Smoking and drinking were determined by standardized questionnaires, with thresholds defined as ≥ 100 lifetime cigarettes smoked and ≥ 12 alcoholic beverages consumed annually. The Patient Health Questionnaire-9 was utilized to assess depression, where scores ≥ 10 met the diagnostic threshold [33]. The diagnoses of diabetes, hypertension, and sleep disorders were based on medical records. Gastrointestinal diseases and moderate activity were assessed through participant questionnaires.

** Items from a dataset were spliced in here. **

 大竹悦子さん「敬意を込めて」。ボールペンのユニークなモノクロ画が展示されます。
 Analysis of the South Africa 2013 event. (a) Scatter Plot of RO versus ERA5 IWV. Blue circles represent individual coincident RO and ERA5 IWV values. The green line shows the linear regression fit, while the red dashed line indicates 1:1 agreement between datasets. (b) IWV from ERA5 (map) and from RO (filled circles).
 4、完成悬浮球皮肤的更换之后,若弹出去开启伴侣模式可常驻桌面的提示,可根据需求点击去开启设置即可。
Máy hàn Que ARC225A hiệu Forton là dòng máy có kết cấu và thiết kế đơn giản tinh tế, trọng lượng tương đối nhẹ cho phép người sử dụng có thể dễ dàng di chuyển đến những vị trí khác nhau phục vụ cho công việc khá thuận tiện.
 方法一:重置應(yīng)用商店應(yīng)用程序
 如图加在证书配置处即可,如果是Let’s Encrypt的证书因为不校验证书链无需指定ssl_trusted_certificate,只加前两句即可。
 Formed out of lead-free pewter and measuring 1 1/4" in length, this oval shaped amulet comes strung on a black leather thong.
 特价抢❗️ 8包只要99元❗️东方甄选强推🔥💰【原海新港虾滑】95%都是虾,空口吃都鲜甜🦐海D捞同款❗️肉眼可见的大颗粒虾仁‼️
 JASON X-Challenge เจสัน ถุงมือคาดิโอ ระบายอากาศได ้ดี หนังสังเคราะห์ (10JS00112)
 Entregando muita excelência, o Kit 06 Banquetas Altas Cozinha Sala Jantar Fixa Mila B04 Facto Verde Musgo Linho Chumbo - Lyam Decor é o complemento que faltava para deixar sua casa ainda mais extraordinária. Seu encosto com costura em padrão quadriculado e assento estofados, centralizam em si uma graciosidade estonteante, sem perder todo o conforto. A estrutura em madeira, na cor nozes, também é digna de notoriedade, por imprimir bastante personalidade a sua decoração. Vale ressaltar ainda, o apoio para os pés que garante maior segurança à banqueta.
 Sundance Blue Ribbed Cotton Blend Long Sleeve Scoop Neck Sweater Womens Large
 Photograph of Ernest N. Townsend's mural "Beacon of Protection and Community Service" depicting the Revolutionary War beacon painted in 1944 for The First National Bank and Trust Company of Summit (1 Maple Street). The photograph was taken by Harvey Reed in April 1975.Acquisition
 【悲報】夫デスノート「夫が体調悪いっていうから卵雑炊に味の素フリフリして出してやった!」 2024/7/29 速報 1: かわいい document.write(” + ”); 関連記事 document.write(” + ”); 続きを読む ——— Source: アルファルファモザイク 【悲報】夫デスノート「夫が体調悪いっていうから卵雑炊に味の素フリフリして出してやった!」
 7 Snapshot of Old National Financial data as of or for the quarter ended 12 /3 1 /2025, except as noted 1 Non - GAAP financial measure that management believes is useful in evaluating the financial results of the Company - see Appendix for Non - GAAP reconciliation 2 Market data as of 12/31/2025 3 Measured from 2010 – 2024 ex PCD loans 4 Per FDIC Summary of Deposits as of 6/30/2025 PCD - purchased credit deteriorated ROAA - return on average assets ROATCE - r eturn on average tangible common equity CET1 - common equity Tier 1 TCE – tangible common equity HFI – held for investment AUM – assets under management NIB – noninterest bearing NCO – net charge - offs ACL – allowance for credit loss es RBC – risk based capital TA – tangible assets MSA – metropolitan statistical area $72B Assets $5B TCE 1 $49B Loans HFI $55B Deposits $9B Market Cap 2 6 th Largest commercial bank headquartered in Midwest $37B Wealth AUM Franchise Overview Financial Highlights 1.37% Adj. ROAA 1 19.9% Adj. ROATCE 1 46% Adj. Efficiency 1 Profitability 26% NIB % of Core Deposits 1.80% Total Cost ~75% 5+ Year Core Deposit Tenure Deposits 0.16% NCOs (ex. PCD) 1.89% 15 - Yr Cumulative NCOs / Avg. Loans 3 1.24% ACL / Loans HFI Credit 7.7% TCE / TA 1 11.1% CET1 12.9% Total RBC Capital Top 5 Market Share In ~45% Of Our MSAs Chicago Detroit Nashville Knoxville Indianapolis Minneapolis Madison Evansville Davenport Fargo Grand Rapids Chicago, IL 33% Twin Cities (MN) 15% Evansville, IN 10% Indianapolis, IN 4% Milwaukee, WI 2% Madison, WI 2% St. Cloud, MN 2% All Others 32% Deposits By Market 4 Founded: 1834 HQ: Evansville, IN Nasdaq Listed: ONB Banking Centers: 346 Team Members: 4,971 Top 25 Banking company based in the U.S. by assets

The intake of energy, total fat, moisture, dietary fiber, protein, carbohydrate, and caffeine was determined by calculating the mean consumption over a two-day period.
The study population was stratified by age into three cohorts: young (20–40 years), middle-aged (40–60 years), and elderly (≥ 60 years). Following the same stratification approach, PIR classified participants into lower-income (PIR < 1), intermediate-income (1 ≤ PIR < 4), and higher-income (PIR ≥ 4) categories. BMI categorization included normal-range weight (25 kg/m²), overweight (25–30 kg/m²), and obese (≥ 30 kg/m²) classifications.
Statistical analysis
Statistical significance was determined in all statistical computations using a two-tailed P-value < 0.05. All statistical analyses utilized the R Studio (version 4.4.2) and the EmpowerStats (version 4.2) analytical platforms. In the data analyses of this study, the data from three cycles of Full Sample 2 Year MEC Exam Weight (WTMEC2YR) were used for weighting to ensure nationally representative estimates. This study described continuous variables using the median with interquartile range or the mean with 95% confidence intervals (CI). It analyzed them for intergroup differences using the Kruskal-Wallis test or ANOVA. Categorical variables were reported as sample counts with weighted percentages. It analyzed them for intergroup evaluation through the survey-weighted Chi-square test.
Meanwhile, potential confounding covariables were considered to enhance the accuracy of the outcomes, and multiple covariables were adjusted in the statistical model. The non-adjusted model includes no covariable adjustments, and the minimally adjusted model controls for gender, age, and race. In addition to these adjustments, the fully adjusted model also accounts for education level, PIR, smoking, drinking, moderate activity, BMI, diabetes, gastrointestinal diseases, hypertension, depression, sleep disorders, and dietary factors such as energy, total fat, moisture, dietary fiber, protein, carbohydrate, and caffeine. All three models of multiple regression analyses were employed, and the fully adjusted model was utilized in other analyses.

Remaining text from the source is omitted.